‘Rejection’ does not mean ‘Failure’

Publishers are busy people. We know that, because more often than not, they don’t have time to tell us, writers all, how much they loved our book idea.

That publishers and agents are muzzled by having to deal with – I kid you not – thousands of submissions a month is not the only factor that leads to Rejection, or its close cousin, Total Silence.

There are five other very good reasons:

  1. They may have failed to grasp the commerciality of your book idea.
  2. They may not have understood your idea. Full stop.
  3. They may have sufficient budget only to produce six books this year.
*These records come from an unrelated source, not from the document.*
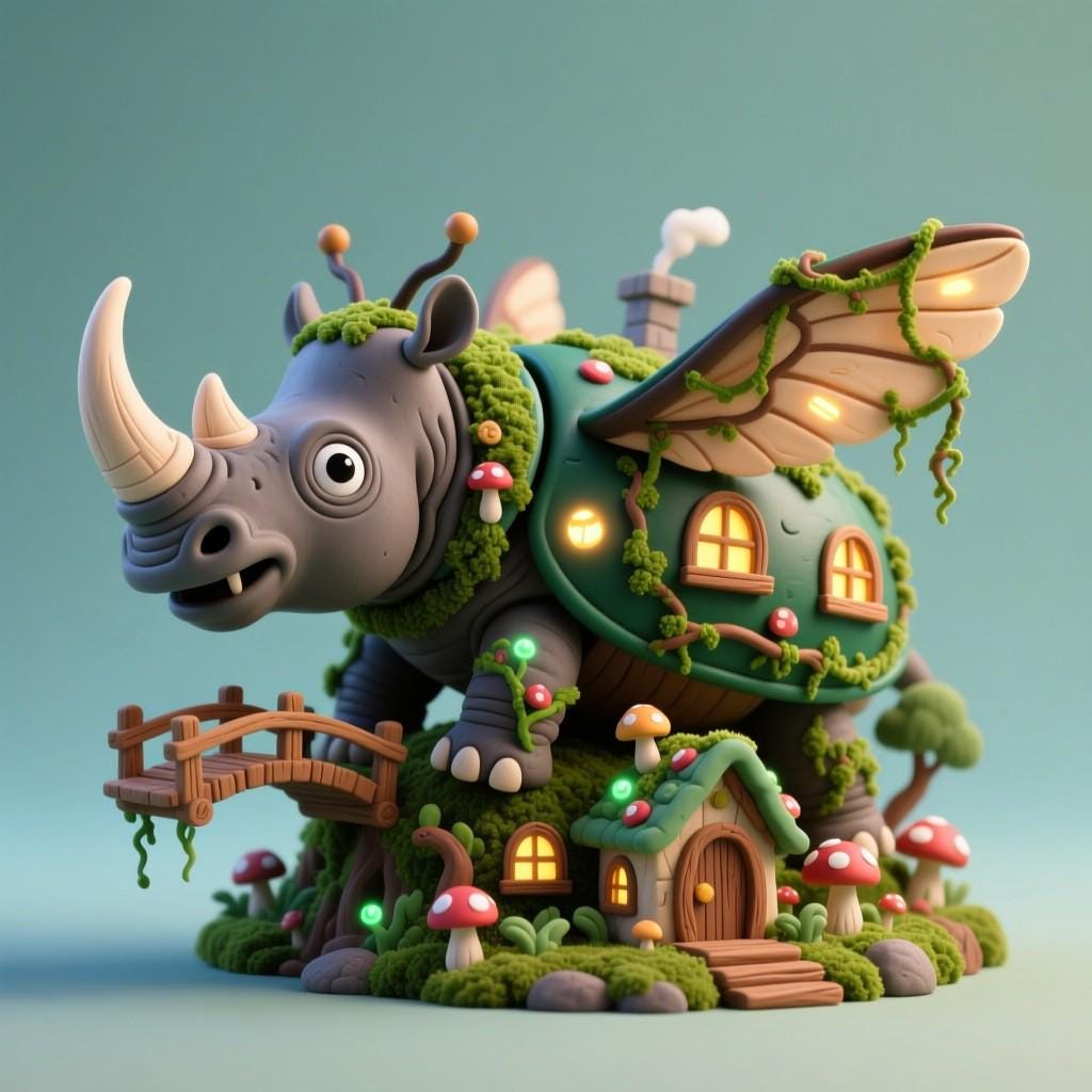 This whimsical winged rhino cottage STL blends fantasy creatures with a cozy fairytale home design. Illuminated windows, mushrooms, vines, and a miniature bridge create a charming 3D print perfect for resin or FDM machines. Ideal for collectors, décor lovers, and magical display setups. Digital file only.
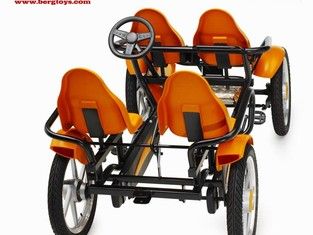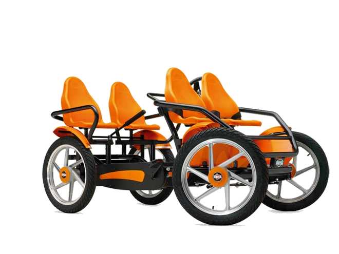 Прорыв в модельном ряде семейных веломобилей и веломобилей для коммерческого использования! Совершенно новая концепция включает такие особенности как: большие 17 дюймовые алюминиевые колёса; мощная лёгкая рама (вес пассажира может быть более 100 кг.); один ведущий руль, без переключателя передач; одновременно могут крутить педали 2 человека; передние кресла оборудованы удобными большими подлокотниками и ремнями безопасности. Никогда ещё семейные веломобили не были выполнены в таком продуманном дизайне! Привод F рассчитан на движение только вперед; Дополнительно есть возможность установить солнцезащитный навес.
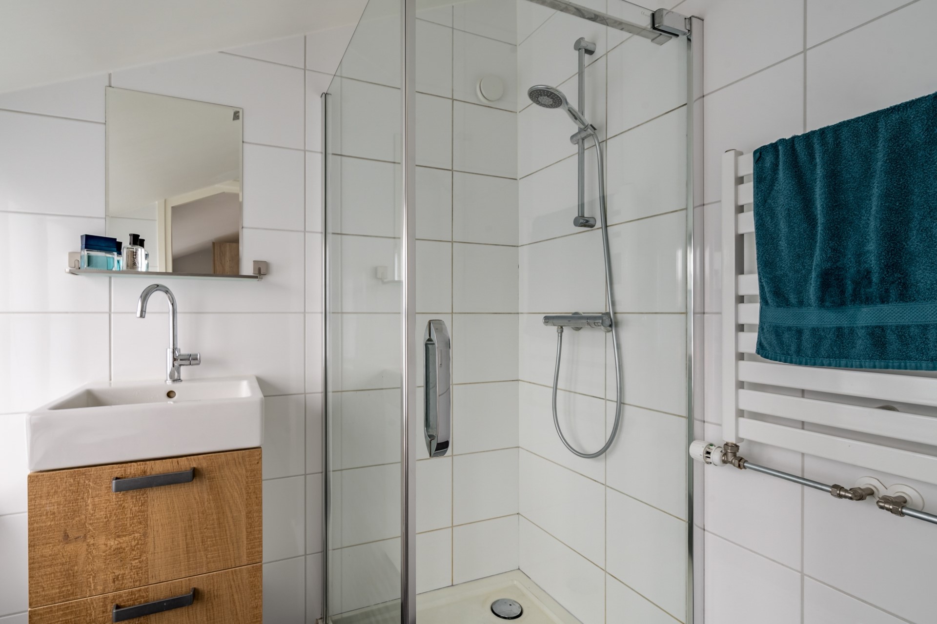 De overloop met c.v. ketel Remeha (2010). Ruime slaapkamer met veel licht door de dakkapellen. Een moderne badkamer met douchecabine en wastafel(2015).
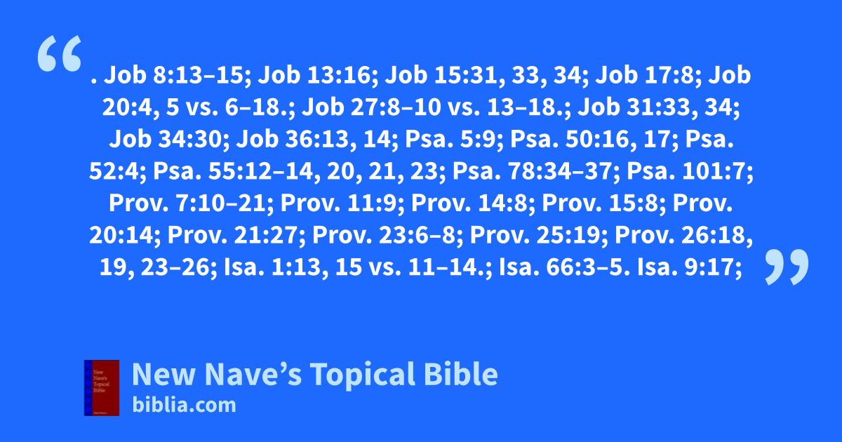 HYPOCRISY. Job 8:13–15; Job 13:16; Job 15:31, 33, 34; Job 17:8; Job 20:4, 5 vs. 6–18.; Job 27:8–10 vs. 13–18.; Job 31:33, 34; Job 34:30; Job 36:13, 14; Psa. 5:9; Psa. 50:16, 17; Psa. 52:4; Psa. 55:12–14, 20, 21, 23; Psa. 78:34–37; Psa. 101:7; Prov. 7:10–21; Prov. 11:9; Prov. 14:8; Prov. 15:8; Prov. 20:14; Prov. 21:27; Prov. 23:6–8; Prov. 25:19; Prov. 26:18, 19, 23–26; Isa. 1:13, 15 vs. 11–14.; Isa. 66:3–5. Isa. 9:17; Isa. 10:6; Isa. 29:13 [Matt. 15:8.] Isa. 29:15, 16; Isa. 32:5, 6; Isa. 33:14; Isa. 48:1, 2; Isa. 58:2–5; Isa. 61:8; Isa. 65:5; Jer. 3:10 v. 11.; Jer. 5:2; Jer. 6:20; Jer. 7:4, 8–10; Jer. 9:4, 8; Jer. 12:2; Jer. 17:9; Jer. 42:20 vs. 21, 22.; Lam. 1:2; Ezek. 14:7, 8 v. 4.; Ezek. 20:39 Ezek. 5:11; Hos. 8:13; 9:4. Ezek. 33:30–32; Hos. 6:4; Hos. 7:14, 16; Hos. 8:2, 3; Hos. 10:1, 4; Hos. 11:12; Amos 5:21, 23, 24 vs. 22, 25–27.; Obad. 7; Mic. 3:11; Mic. 7:5; Zech. 7:5, 6; Zech. 13:6; Mal. 1:6–8, 13, 14 vs. 9–12.; Mal. 2:13; Mal. 3:14; Matt. 3:7, 8; Matt. 6:1, 2, 5, 16, 24; Matt. 7:5, 15, 21–23 Luke 13:26, 27. Matt. 9:13; Matt. 15:7, 8 [Mark 7:6.] Matt. 15:9; Matt. 16:3 Luke 12:54–56. Matt. 21:28–32; Matt. 22:12, 13, 18; Matt. 23:2–33; Matt. 24:50, 51; Matt. 25:3, 41–45; Mark 7:7, 8 Matt. 15:7–9. Mark 12:38–40; Luke 6:46; Luke 8:18; Luke 11:39, 42, 44, 52 vs. 39–52.; Luke 12:1, 2 Matt. 16:6, 12; Mark 8:15. Luke 13:13–17; Luke 14:34 v. 35; Mark 9:50. Luke 16:13, 15; Luke 18:11, 12; Luke 20:46, 47 Matt. 23:14; Mark 12:38–40. Luke 21:16; John 6:26, 70; John 7:19; John 15:2, 6; Rom. 1:18; Rom. 2:1, 3, 17–29; Rom. 9:6, 7; Rom. 16:18; 1 Cor. 13:1; 2 Cor. 4:2; 2 Cor. 5:12; Gal. 6:3; Phil. 3:2, 18, 19; 1 Tim. 4:2; 2 Tim. 3:5, 13; Tit. 1:16; Jas. 1:8 [Jas. 4:8.] Jas. 1:22–24, 26; Jas. 2:14–26; Jas. 3:17; 1 Pet. 2:1, 16; 2 Pet. 2:1–3, 17, 19; 1 John 1:6, 10; 1 John 2:4, 9, 19; 1 John 4:20; Jude 12, 13; Rev. 2:9 Rev. 3:9. Rev. 3:1 See Deceit; Deception.
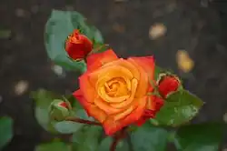 R. 'Mambo' híbrido conseguido del cruce de 'Tropicana' x 'Zorina'. Obtentor conseguido por Mathias Tantau jun., Alemania, 1971. | |
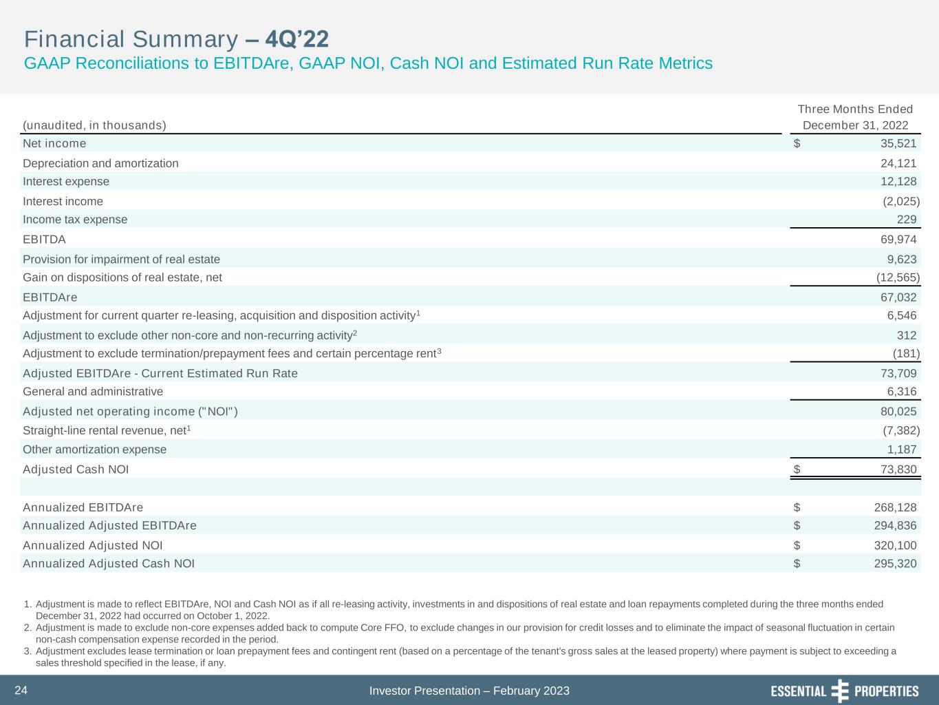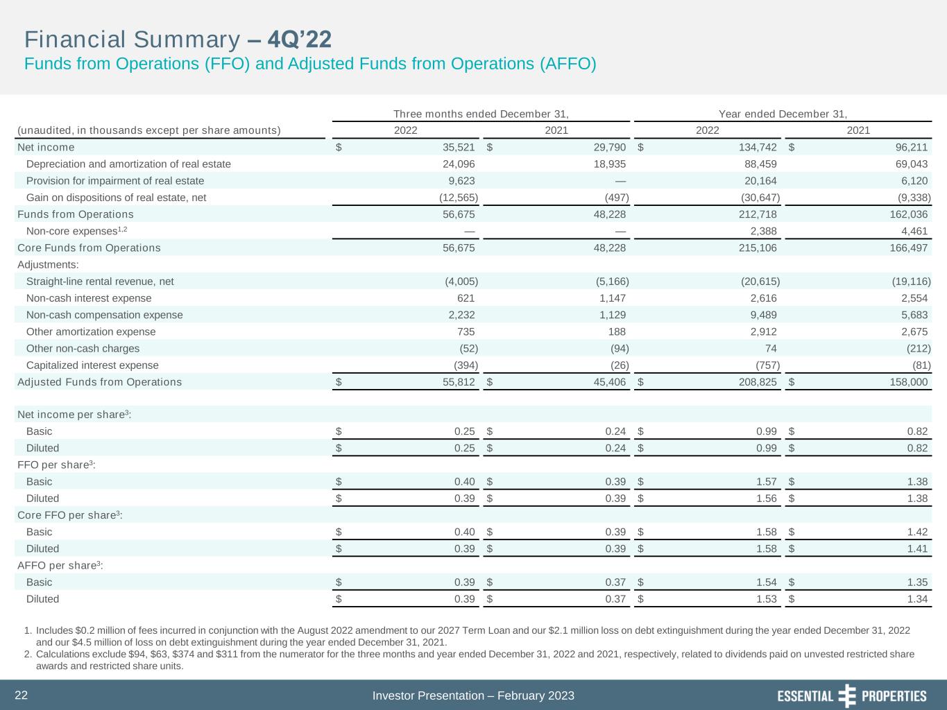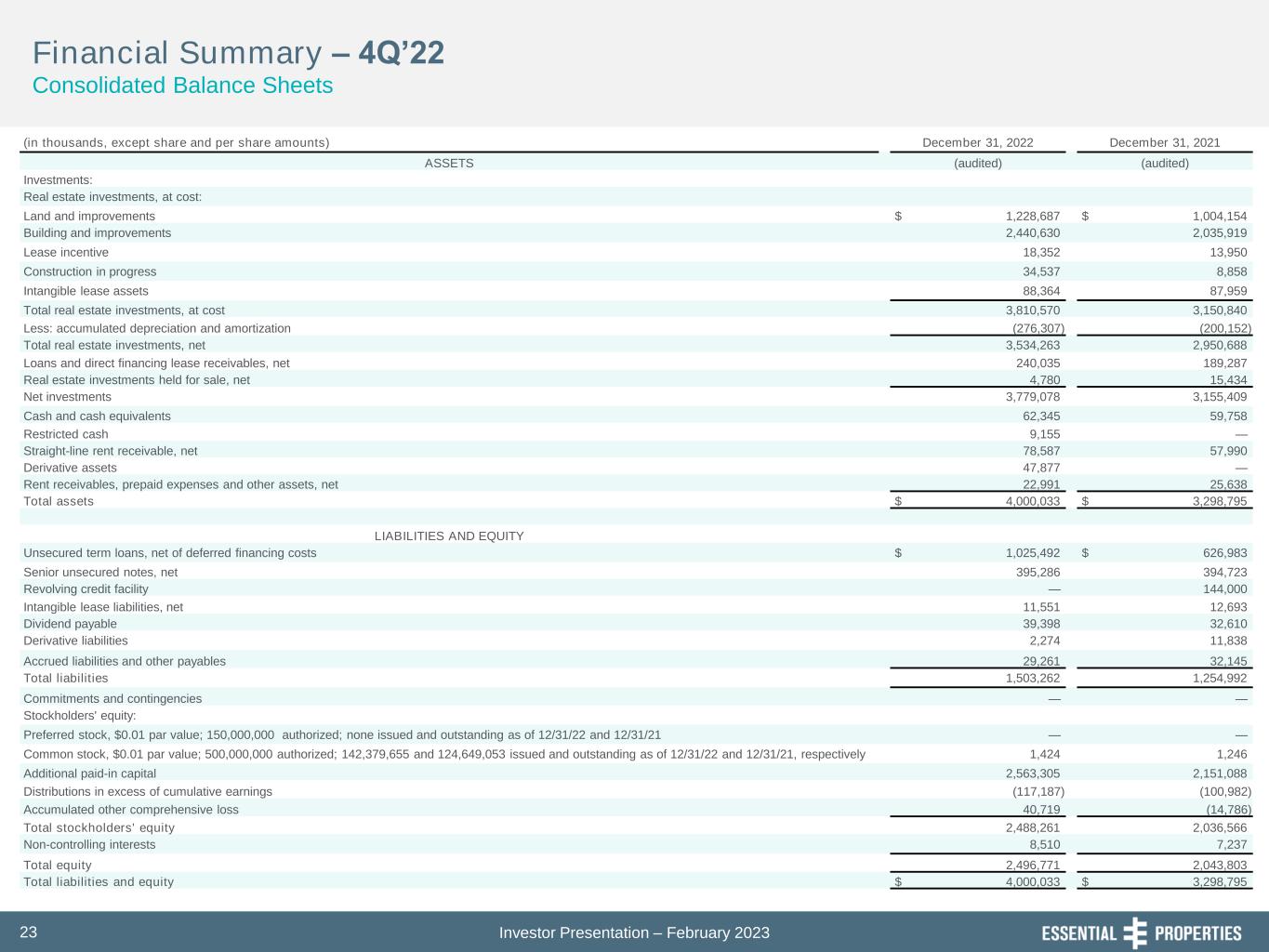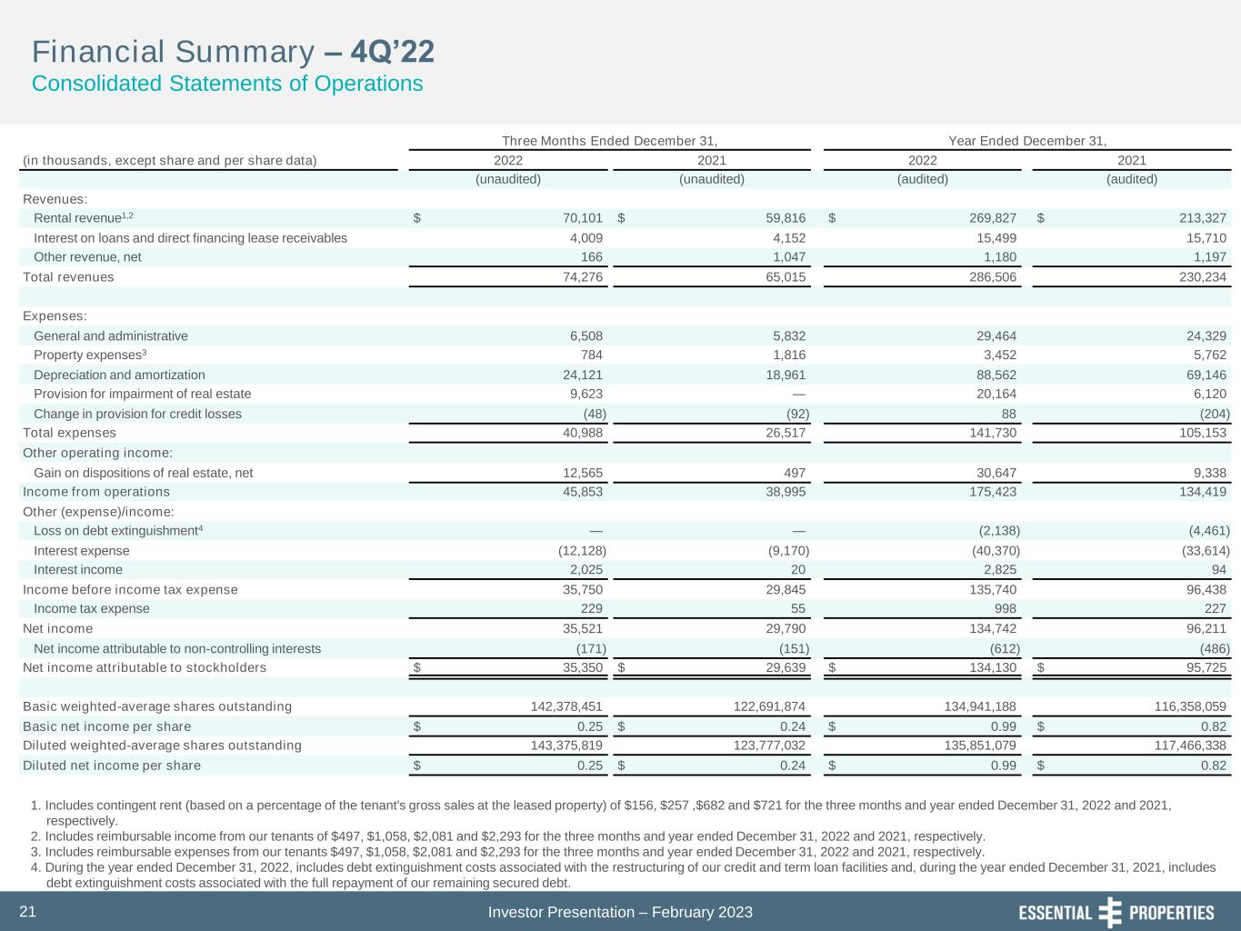 Investor Presentation – February 202321 Financial Summary – 4Q’22 Consolidated Statements of Operations 1. Includes contingent rent (based on a percentage of the tenant's gross sales at the leased property) of $156, $257 ,$682 and $721 for the three months and year ended December 31, 2022 and 2021, respectively. 2. Includes reimbursable income from our tenants of $497, $1,058, $2,081 and $2,293 for the three months and year ended December 31, 2022 and 2021, respectively. 3. Includes reimbursable expenses from our tenants $497, $1,058, $2,081 and $2,293 for the three months and year ended December 31, 2022 and 2021, respectively. 4. During the year ended December 31, 2022, includes debt extinguishment costs associated with the restructuring of our credit and term loan facilities and, during the year ended December 31, 2021, includes debt extinguishment costs associated with the full repayment of our remaining secured debt. Three Months Ended December 31, Year Ended December 31, (in thousands, except share and per share data) 2022 2021 2022 2021 (unaudited) (unaudited) (audited) (audited) Revenues: Rental revenue1,2 $ 70,101 $ 59,816 $ 269,827 $ 213,327 Interest on loans and direct financing lease receivables 4,009 4,152 15,499 15,710 Other revenue, net 166 1,047 1,180 1,197 Total revenues 74,276 65,015 286,506 230,234 Expenses: General and administrative 6,508 5,832 29,464 24,329 Property expenses3 784 1,816 3,452 5,762 Depreciation and amortization 24,121 18,961 88,562 69,146 Provision for impairment of real estate 9,623 — 20,164 6,120 Change in provision for credit losses (48) (92) 88 (204) Total expenses 40,988 26,517 141,730 105,153 Other operating income: Gain on dispositions of real estate, net 12,565 497 30,647 9,338 Income from operations 45,853 38,995 175,423 134,419 Other (expense)/income: Loss on debt extinguishment4 — — (2,138) (4,461) Interest expense (12,128) (9,170) (40,370) (33,614) Interest income 2,025 20 2,825 94 Income before income tax expense 35,750 29,845 135,740 96,438 Income tax expense 229 55 998 227 Net income 35,521 29,790 134,742 96,211 Net income attributable to non-controlling interests (171) (151) (612) (486) Net income attributable to stockholders $ 35,350 $ 29,639 $ 134,130 $ 95,725 Basic weighted-average shares outstanding 142,378,451 122,691,874 134,941,188 116,358,059 Basic net income per share $ 0.25 $ 0.24 $ 0.99 $ 0.82 Diluted weighted-average shares outstanding 143,375,819 123,777,032 135,851,079 117,466,338 Diluted net income per share $ 0.25 $ 0.24 $ 0.99 $ 0.82

Your book is the seventh great book to hit their desk but they don’t have room in their production schedule.
  4. They may be distracted by takeover talks with a rival.
  5. They might have decided, only this month, to stop publishing books in your genre. They haven’t announced this, in case it makes them even more vulnerable to a takeover.

There are many more reasons, but you get my point: it’s not about you, and it’s not often about your book, and it’s rarely about your writing.

It’s everything to do with whether the publisher or the agent thinks they can make a profit by selling your book.

Please, please, please, please, please don’t think of a publishers’ rejection (or silence) as ‘failure’. Context is everything.

Publishers are not lovers, or friends, or even literary critics. (They are not Gateways to Literary Excellence: remember that book by a certain famous son of a royal father that did nothing for transatlantic family relationships?)

A publisher’s decision not to run with your book is purely a matter of business.

Keep researching. Keep submitting. Keep yourself informed about alternative routes to publication.